Canadian oil and gas companies plunge to lows not seen in decades as travel ban strikes another blow

CALGARY – Energy stocks were pummelled once again Thursday as concerns over the spread of the coronavirus deal fresh blows to global oil demand and analysts expect big drops for jet fuel.

As markets reacted to news of a travel ban on flights between Europe and the United States, affecting the demand for jet fuel, the S&P/TSX Capped Energy Index dropped 16.5 per cent by close on Thursday, surpassing the 12.4 per cent drop in the wider market. It was the largest drop for any capped index on the TSX by multiple percentage points.

Air travel between Europe and the U.S. accounts for a minuscule amount of global oil demand but analysts said a broader slowdown in air traffic would have an effect on refining margins and quarantines in countries such as Italy, the world’s eighth largest economy, will also drag down oil demand.

The spread of the virus and quarantines in affected countries is now expected to lead to an overall 0.6 per cent decline in global oil demand this year, Norwegian market research firm Rystad Energy wrote in a report Thursday.

The report also noted that jet fuel demand for the year is expected to fall 11 per cent as air traffic declines 16 per cent.

“This is a severe downgrade compared to previous estimates and takes into account the quarantine lockdown in Italy, massive cancellation of flights by airlines, the travel ban between Europe and the U.S. that was announced yesterday and our simulations of the virus’ growth patterns this year,” the report noted.

While the overall decline in air traffic will have a large effect, U.S. President Donald Trump’s ban on air traffic will only knock 200,000 barrels per day out of global oil demand, which is “not much,” said Alan Gelder, vice-president, refining, chemicals markets at Wood Mackenzie in London.

The bigger knock on global oil demand could come from quarantines in the U.S. if the virus continues to spread.

“A lot depends on what happens next in the U.S.,” Gelder said. “If the U.S. stops driving because people are working from home, that has a much larger effect.”

Jet fuel demand in the U.S. is approximately 1.8 million barrels of oil per day, or approximately 9 per cent of total U.S. oil demand.

By contrast, demand for gasoline accounts for 9.2 million bpd, close to half of total U.S. oil demand of 20.7 million bpd. “If cities (in the U.S.) are quarantined, that will have a bigger impact on demand,” Gelder said.

The outlook for oil markets is already bleak after record-setting drops in oil prices this week caused share prices to fall to levels not seen in decades.

As markets opened down again on Thursday, many investment banks cut price targets for oil and gas companies across the board to reflect prices hammered by a price war between Saudi Arabia and Russia and the virus’s impact on demand.

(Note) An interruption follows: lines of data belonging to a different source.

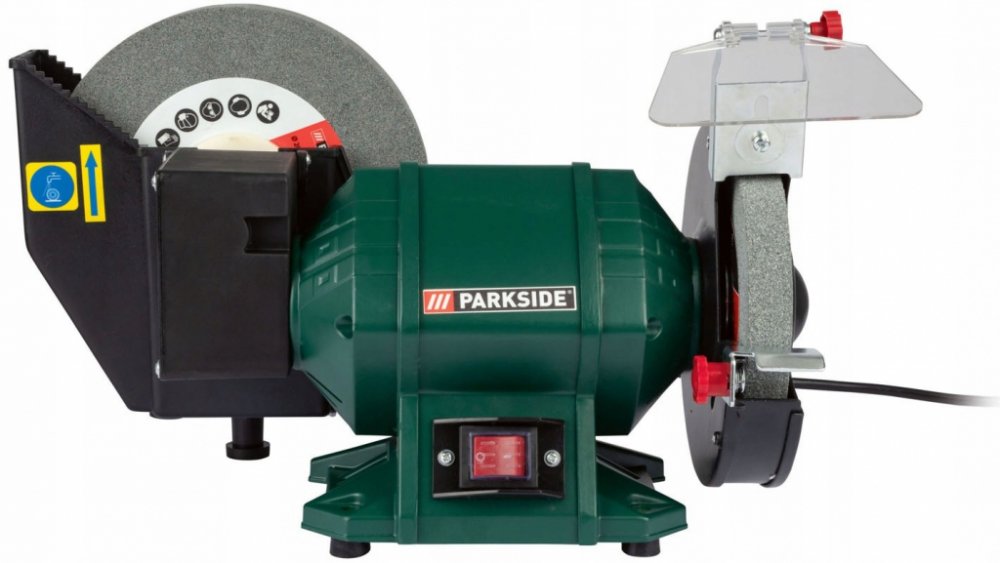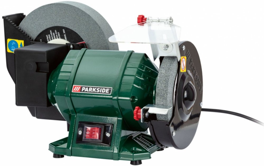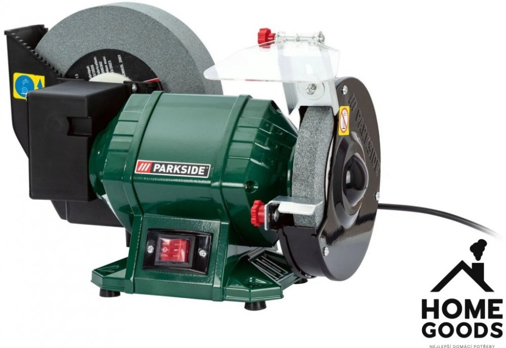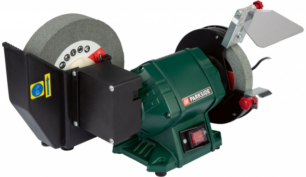 Tato bruska je vybavena pomalu běžícím kotoučem na mokré broušení s nerezavějící nádržkou na vodu, což je ideální pro jemné a přesné úpravy. Rychle běžící kotouč na suché broušení je opatřen nastavitelným krytem proti jiskrám, což zvyšuje bezpečnost při práci. Díky vypínači chráněnému proti stříkající vodě je bruska bezpečná i v náročnějších podmínkách.
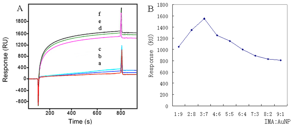 The effect of different ratios of IMA:AuNP on signal enhancement was also investigated. Signal enhancement depended crucially on the particle size which was composed of AuNP and surrounding IMA molecules. Appropriate ratios might increase the chances of the particles binding to the surface. As shown in Figure 3B, the optimal here was chosen to be 3:7 (v/v).
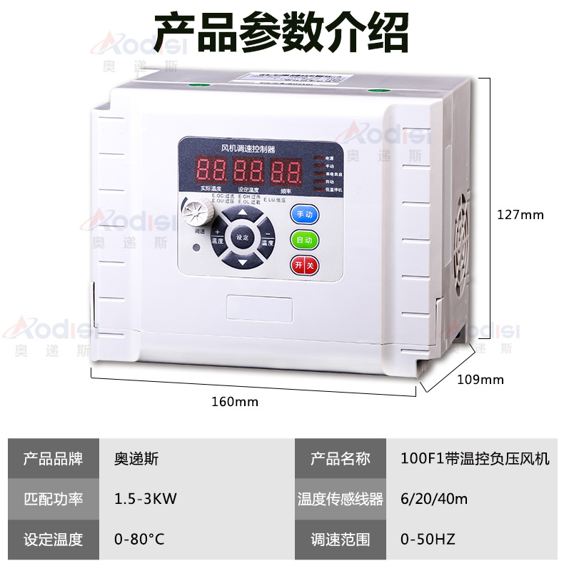 Yue Changsheng negative pressure fan frequency converter three-phase 380v farm exhaust fan frequency conversion speed controller 220v temperature control line 100F1-2.2KW380V
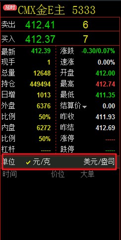 需要CMX金和银的换算工具 (文华财经)投资者咨询:需要CMX金和银的换算工具 (文华财经)来源:文华财经 日期:2020-10-19 10:20 需要CMX金和银的换算工具技术人员回复日期:2020-10-19 10:24 k线图右侧盘口,可以切换计量单位 文件名:01.jpeg
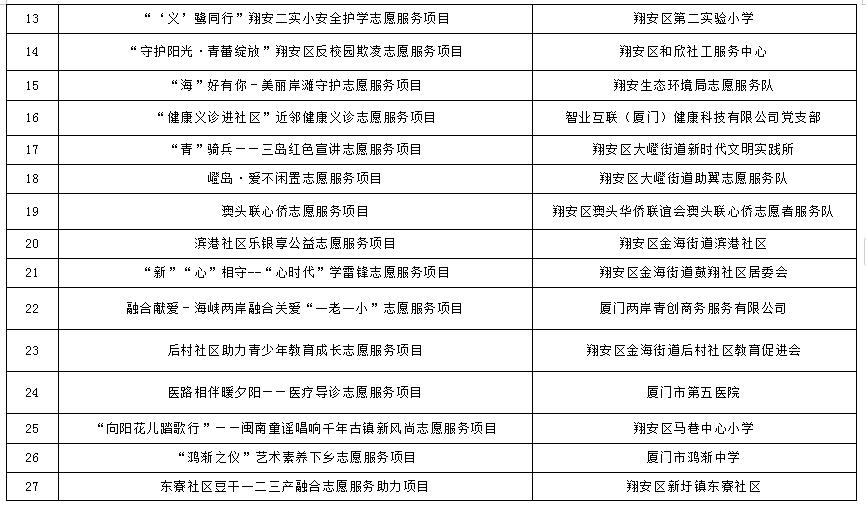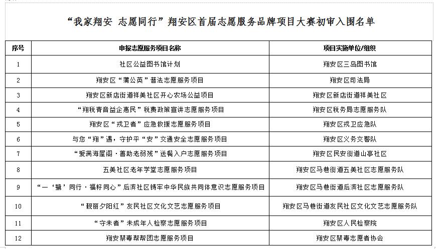 经过项目选择、数据审查和集中审查,30个项目脱颖而出,充分展示了翔安区志愿服务的多样性和多样性。后续专业导师将对入选项目进行精准辅导和贴心陪伴,重点加强品牌建设、项目宣传展示、路演推荐等。,不仅提高了项目的竞争力,也不断提高了志愿服务团队的专业水平和服务质量。

“At this stage, it’s all about survivability and strategic positioning and, as such, we continue to have a strong bias to being overweight larger, more stable and less-capital-intensive platforms that have stronger margins of safety,” analysts at CIBC World Markets wrote in a research report Thursday, in which they also cut their price targets on 17 Canadian oil and gas producers.

Even the larger Canadian oil producers tumbled Thursday as markets fell and few were spared.

Cenovus Energy Inc., which fell over 50 per cent on Monday after Saudi Arabia and Russia entered into an oil price war, fell another 12 per cent, to a fresh all-time low of $3.61 per share.

Investors have been particularly hard on Cenovus, which had not hedged its production prior to the oil price crash.

“Investors will certainly be questioning why a low-margin bitumen producer would not buy protective puts as insurance against such a scenario,” Stifel FirstEnergy analyst Michael Dunn said in a research note Thursday. Dunn cut his price target on Cenovus to $4.50 in a research note on Thursday. Prior to the price crash, the target was $16 per share.

“In terms of liquidity, Cenovus appears in good shape for now,” Dunn said, noting the companies’ debt maturities are scheduled in late 2022.

Many Canadian oil companies fell to lows not seen in decades. Canadian Natural Resources Ltd., the country’s largest oil and gas producer by volume, tumbled close to 15.6 per cent, to $17.46 each, Suncor Energy Inc. was down 20.6 per cent to $20.55 and Imperial contracted 17.7 per cent to $16.48 per share.